HEY, BOO: HARPER LEE AND TO KILL A MOCKINGBIRD

13
May/11

The inside story behind Harper Lee and TO KILL A MOCKINGBIRD still remains elusive in HEY. BOO (photo by Donald Uhrbrock)

HEY, BOO: HARPER LEE AND TO KILL A MOCKINGBIRD (Mary McDonagh Murphy, 2010)
Quad Cinema
34 West 13th St.
Opens Friday, May 13
212-255-2243
www.firstrunfeatures.com/heyboo
www.quadcinema.com

On May 4, 1961, Harper Lee won the Pulitzer Prize for Fiction for what turned out to be her only novel and an enduring American classic, To Kill a Mockingbird. A captivating tale of racism in a small southern town based on her own, the book was made into a hit film the next year starring Gregory Peck as determined lawyer and single parent Atticus Finch, garnering eight Oscar nominations and three wins, including one for Peck for Best Actor. As famous as the book and film are, very little is known about Lee, who has not given an interview since 1964 and is rarely seen in public. In Hey, Boo: Harper Lee and To Kill a Mockingbird, documentarian Mary McDonagh Murphy sets out to uncover the story behind this mysterious figure.
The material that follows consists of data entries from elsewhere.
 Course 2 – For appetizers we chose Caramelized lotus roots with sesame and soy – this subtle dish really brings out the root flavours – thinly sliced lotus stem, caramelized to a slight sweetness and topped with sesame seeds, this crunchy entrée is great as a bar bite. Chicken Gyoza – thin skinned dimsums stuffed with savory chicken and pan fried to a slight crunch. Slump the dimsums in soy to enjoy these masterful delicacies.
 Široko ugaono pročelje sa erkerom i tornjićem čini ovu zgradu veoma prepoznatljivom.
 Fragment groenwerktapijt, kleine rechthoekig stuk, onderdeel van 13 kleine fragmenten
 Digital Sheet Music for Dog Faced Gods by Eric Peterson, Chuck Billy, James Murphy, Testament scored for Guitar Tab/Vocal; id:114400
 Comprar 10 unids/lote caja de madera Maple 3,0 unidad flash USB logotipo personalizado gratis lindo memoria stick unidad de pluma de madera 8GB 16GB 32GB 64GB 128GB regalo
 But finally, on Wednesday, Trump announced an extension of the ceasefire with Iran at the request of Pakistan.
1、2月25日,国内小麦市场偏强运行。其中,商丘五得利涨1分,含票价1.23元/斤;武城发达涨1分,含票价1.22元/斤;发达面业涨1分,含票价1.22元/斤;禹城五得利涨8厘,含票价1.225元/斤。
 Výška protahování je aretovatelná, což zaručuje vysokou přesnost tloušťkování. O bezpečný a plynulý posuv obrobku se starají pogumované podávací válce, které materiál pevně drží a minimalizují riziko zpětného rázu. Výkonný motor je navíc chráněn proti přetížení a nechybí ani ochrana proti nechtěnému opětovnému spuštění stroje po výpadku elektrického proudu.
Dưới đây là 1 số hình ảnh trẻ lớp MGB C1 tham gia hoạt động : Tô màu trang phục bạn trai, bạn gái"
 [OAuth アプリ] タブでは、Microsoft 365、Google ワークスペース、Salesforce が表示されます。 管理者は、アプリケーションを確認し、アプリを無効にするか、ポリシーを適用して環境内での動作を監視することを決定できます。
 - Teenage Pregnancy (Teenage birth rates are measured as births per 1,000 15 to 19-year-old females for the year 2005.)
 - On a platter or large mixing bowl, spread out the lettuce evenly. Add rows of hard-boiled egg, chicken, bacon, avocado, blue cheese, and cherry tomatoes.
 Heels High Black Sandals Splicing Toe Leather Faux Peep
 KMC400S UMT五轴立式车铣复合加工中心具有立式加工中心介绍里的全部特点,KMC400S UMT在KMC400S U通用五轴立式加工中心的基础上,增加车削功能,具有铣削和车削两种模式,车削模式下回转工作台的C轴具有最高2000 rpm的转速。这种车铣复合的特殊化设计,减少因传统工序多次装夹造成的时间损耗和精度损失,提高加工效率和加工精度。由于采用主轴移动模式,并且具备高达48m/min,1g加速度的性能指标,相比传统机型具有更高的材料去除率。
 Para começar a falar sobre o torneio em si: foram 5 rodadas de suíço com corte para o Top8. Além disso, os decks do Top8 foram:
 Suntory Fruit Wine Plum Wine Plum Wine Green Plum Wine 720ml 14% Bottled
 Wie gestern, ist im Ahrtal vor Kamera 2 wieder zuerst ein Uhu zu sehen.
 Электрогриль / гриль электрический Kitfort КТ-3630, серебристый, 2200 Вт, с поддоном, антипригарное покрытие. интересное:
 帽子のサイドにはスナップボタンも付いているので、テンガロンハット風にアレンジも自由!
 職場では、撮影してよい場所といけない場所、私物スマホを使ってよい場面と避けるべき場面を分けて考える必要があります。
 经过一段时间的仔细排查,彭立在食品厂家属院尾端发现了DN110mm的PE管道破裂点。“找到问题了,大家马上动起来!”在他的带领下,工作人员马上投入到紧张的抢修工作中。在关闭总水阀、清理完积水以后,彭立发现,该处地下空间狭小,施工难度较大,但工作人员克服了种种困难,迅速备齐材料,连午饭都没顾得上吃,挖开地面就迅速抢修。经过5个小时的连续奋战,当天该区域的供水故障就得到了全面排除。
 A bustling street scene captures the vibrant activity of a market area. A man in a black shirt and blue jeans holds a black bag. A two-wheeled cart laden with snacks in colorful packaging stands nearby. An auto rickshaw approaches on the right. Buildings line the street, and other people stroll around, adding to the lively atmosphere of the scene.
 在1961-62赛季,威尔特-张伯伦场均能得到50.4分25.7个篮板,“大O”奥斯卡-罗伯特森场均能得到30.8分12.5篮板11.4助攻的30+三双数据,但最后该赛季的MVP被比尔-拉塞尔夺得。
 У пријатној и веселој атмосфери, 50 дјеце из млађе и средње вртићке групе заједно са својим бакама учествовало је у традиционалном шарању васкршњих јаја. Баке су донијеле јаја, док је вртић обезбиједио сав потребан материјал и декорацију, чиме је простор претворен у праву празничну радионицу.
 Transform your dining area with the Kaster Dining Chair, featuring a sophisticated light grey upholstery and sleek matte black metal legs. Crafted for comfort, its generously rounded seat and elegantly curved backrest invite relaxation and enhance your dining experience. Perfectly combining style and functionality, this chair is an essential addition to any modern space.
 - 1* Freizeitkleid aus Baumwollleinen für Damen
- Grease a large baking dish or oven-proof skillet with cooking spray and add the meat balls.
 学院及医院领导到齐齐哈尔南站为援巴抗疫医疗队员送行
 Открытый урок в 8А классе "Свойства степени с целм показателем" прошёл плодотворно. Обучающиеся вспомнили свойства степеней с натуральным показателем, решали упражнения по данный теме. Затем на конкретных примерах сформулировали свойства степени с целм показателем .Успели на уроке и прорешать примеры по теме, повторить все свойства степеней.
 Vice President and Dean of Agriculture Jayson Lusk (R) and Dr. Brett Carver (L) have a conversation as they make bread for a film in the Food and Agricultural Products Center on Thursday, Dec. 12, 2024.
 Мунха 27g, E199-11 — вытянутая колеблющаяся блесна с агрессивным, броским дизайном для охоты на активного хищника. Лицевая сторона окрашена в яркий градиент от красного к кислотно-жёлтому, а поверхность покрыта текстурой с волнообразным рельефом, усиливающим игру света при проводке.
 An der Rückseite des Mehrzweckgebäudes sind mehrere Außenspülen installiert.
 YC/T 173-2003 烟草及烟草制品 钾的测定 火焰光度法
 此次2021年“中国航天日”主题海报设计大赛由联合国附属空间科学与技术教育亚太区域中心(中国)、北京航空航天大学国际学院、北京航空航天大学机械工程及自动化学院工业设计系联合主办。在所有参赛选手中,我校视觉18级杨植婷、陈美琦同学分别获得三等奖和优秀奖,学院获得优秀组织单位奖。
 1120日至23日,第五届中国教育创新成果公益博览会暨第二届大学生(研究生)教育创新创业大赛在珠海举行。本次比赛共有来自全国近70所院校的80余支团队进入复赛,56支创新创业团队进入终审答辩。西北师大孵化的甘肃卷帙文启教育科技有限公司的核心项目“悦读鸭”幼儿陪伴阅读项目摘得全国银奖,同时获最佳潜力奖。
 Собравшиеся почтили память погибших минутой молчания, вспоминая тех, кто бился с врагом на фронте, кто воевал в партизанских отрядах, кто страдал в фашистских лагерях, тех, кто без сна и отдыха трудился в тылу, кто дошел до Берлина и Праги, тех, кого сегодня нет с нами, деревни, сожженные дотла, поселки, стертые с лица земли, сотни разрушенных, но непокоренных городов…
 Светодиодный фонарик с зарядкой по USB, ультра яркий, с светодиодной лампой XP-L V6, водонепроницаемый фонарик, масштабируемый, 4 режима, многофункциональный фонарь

She speaks with Lee’s ninety-nine-year-old sister, Alice; actress Mary Badham, who played Scout in the movie; and Joy and Michael Brown, who helped Lee afford to quit her job as an airline reservation agent so she could concentrate on her book back in the late 1950s. Although they lend insight into Lee’s character and the creation of To Kill a Mockingbird, the rest of Hey, Boo consists primarily of a series of talking heads discussing what the book means to them, coming off more like a PBS special than a feature-length theatrical documentary. Murphy, who has indeed spent most of her career making television documentaries (for PBS, CNBC, and CBS), speaks with Oprah Winfrey, Tom Brokaw, Wally Lamb, Andrew Young, Rosanne Cash, Scott Turow, Richard Russo, James McBride, Anna Quindlen, Allan Gurganus, and other writers, historians, and public figures who discuss various aspects of the book, but it’s mostly filling the time the director — and the viewer — would have rather spent with Lee herself, who declined to participate. Murphy does play excerpts from the 1964 radio interview and reveals interesting tidbits about the editing process Lee and the novel went through, but there’s just not enough new information to sustain the film’s already-brief eighty-two minutes. You’re better off reading the novel again — or for the first time — if you really want to delve into its many wonders.